I’ll say as well that Alex did a great job presenting – he brought energy to the session and started off with a joke. Whenever people in town talk about Auvik, there’s always a bit of uncertainty about how to say the name. Alex did us all a favour when he said “It’s ‘Aw-vik’, not ‘Ow-vik’, because I’ve never been to ‘Owstralia’ or ‘Owstria.'”

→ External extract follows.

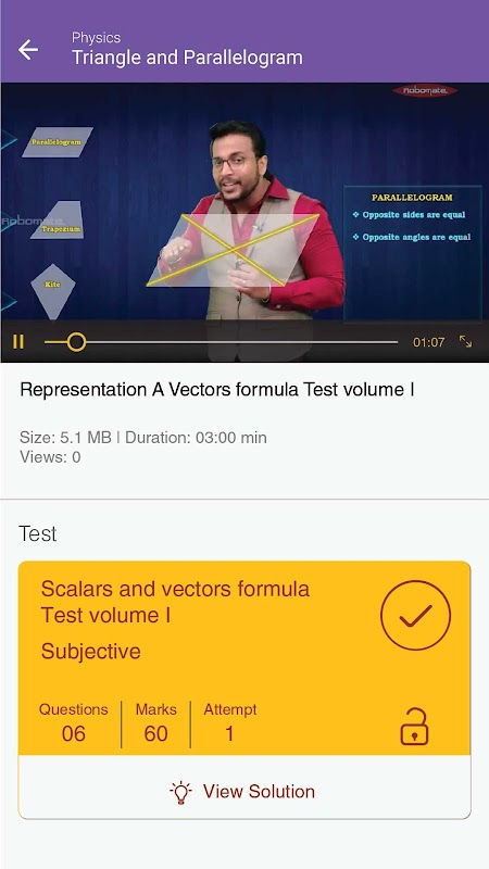 With the launch of this learning App, Arul Institute is poised to enter a new era of technology enabled learning. The App is available exclusively to the students and teachers of Arul Institute. Through this Learning App, you can access video lectures by expert teachers and take tests/assessments after watching the video lecture and/or after completing a chapter, whenever you want. These video lectures will help you in understanding concepts and solving question papers. Since the complete course videos are available with you 24/7 you can study and revise anytime throughout the year. The content is well organized by chapters and simply structured for easy navigation. Each chapter is broken into small modules of 5 to 7 mins each to keep the lectures interesting and to the point. The relevant topic is explained thoroughly. Animation and presentation have been included so that you can understand concepts better. You can even add notes to the video timeline and assess your performance with tests at the end of every chapter (EoC) and module (EoM).
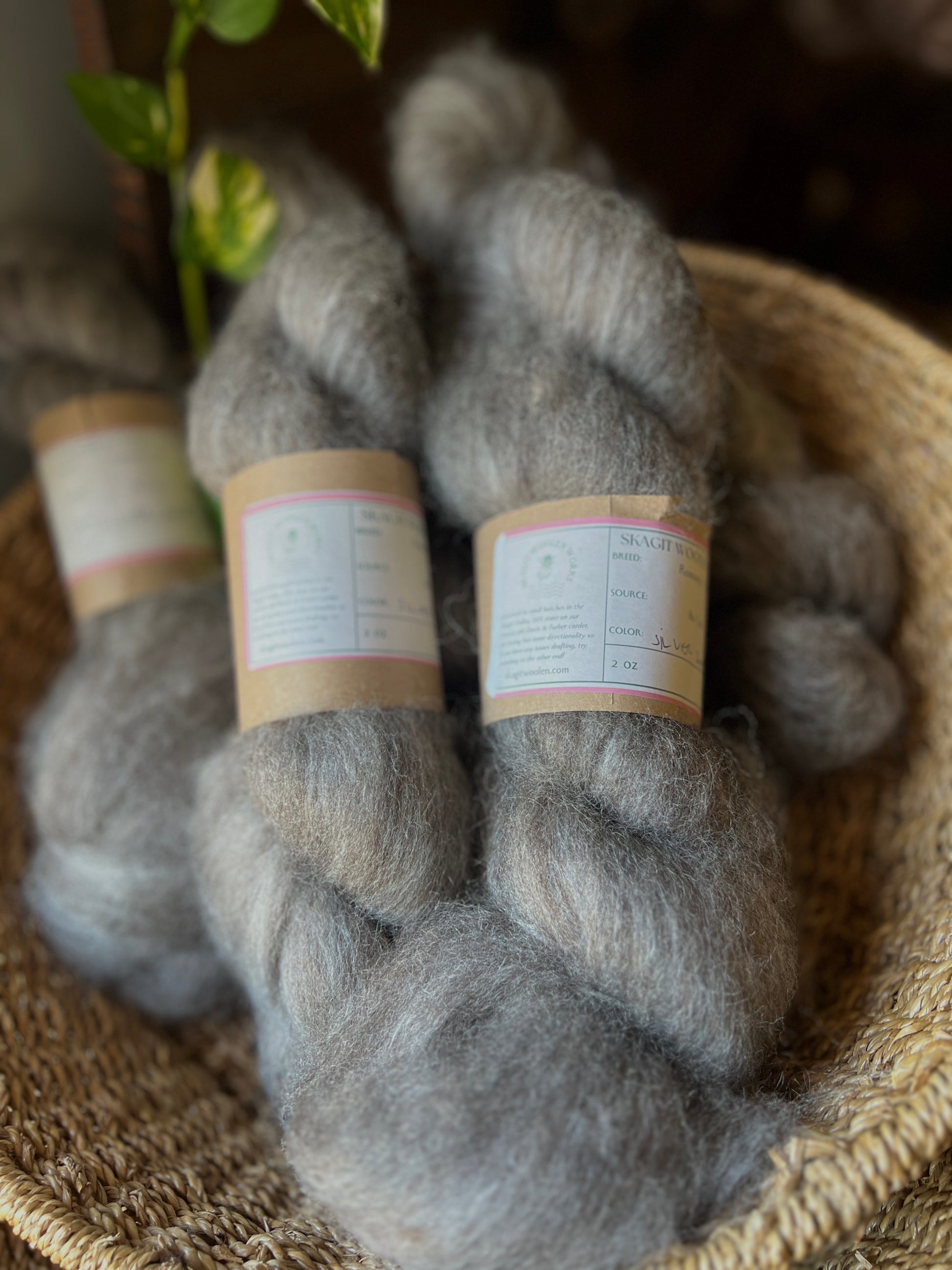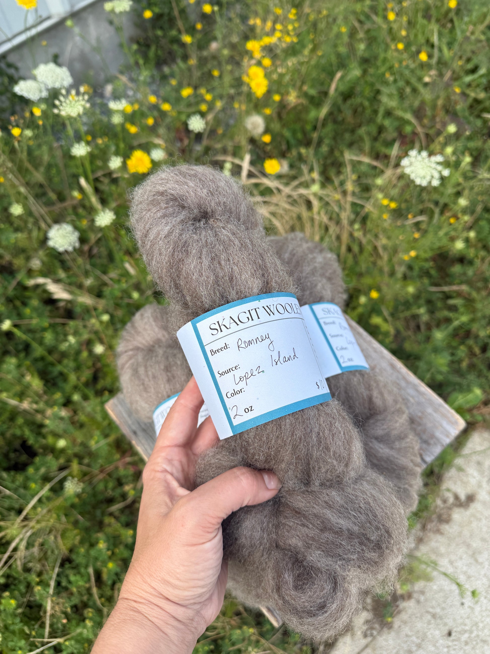 Romney - sourced from Lopez Island; a favorite of many spinners; versatile for many fiber projects, easy to spin, and comes in a variety of beautiful natural colors.

On a side note, I can’t believe how many companies have names for which the pronunciation is uncertain! I truly believe this is an issue…if people are afraid to say your name for fear of sounding dumb, then they just won’t say it, so you’re artificially killing word of mouth.
Scott Larson, UrtheCast
…speaking of oddly-named companies…
UrtheCast was new to me: I hadn’t heard of the company, didn’t know what they did, and my inner monologue kept wanting to say the name as synonymous with “You’re the cast”, since so many people nowadays (to my utter dismay) insist on writing “ur” instead of “you are” or “you’re”.
But anyway, it’s pronounced “Earth cast”, which makes perfect sense because what UrtheCast does is commercialize and democratize the view from space. They’ve got cameras mounted on the International Space Station, and the business model is to sell this imagery. Apparently the “pictures from space” industry is worth a couple of billion dollars a year, and UrtheCast has the potential to disrupt the heck out of that by making things affordable (remember on The Big Bang Theory, when Howard and Bernadette had their wedding captured by the ISS? Now you can do that, too, thanks to UrtheCast!).
Scott told us the story of how UrtheCast came to be, and how they reached a partnership with the Russian Space Agency. He finished off by showing the first two images captured by the company’s cameras.
I’ve always had an interest in space (and in fact spent a co-op term at the Canadian Space Agency working on a satellite), and years ago came across this quote:
“You develop an instant global consciousness, a people orientation, an intense dissatisfaction with the state of the world, and a compulsion to do something about it. From out there on the moon, international politics look so petty. You want to grab a politician by the scruff of the neck and drag him a quarter of a million miles out and say, ‘Look at that, you son of a bitch.'” – Apollo 14 astronaut Edgar Mitchell
It came to mind when listening to the presentation. Scott also provided us with a slightly more poetic quote:
“What was most significant about the lunar voyage was not that men set foot on the moon but that they set eye on the Earth.” – Norman Cousins
Hongwei Lu, MappedIn
MappedIn is a provider of indoor navigation tools and a platform for facility management. They make a number of products and solutions to help you better navigate the indoors (e.g., interactive maps and apps for malls, stadia, airports, stores, etc.), and to help providers of those indoor spaces learn how their visitors get around (with analytics and such). If every airport in the world signed on with MappedIn, I’d be a happier traveller.
Hongwei Liu is a co-founder, and he basically just told stories and lessons from his time getting MappedIn off the ground (“They told me one slide would be enough”, and he literally had a single slide). While his session was minimalist on visual aids, he charmed the audience with his honesty and often hilarious tales that helped illustrate what it takes to get a company going on basically no money. For instance: the time he and a colleague stayed in a harbour on a rented a boat for $30 a night while attending a week-long conference and tradeshow. It turned out the boat lacked essentials including a functional toilet and running water. But that’s what entrepreneurship demands of its practitioners…self-sacrifice!
It turned out the boat lacked essentials including a functional toilet and running water. But that’s what entrepreneurship demands of its practitioners…self-sacrifice!
And here’s a tidbit one of MappedIn’s supporters shared with Hongwei that is likely applicable to many a start-up: he observed that MappedIn was learning from mistakes, but that perhaps they could avoid some of those mistakes by hiring a few people with more experience.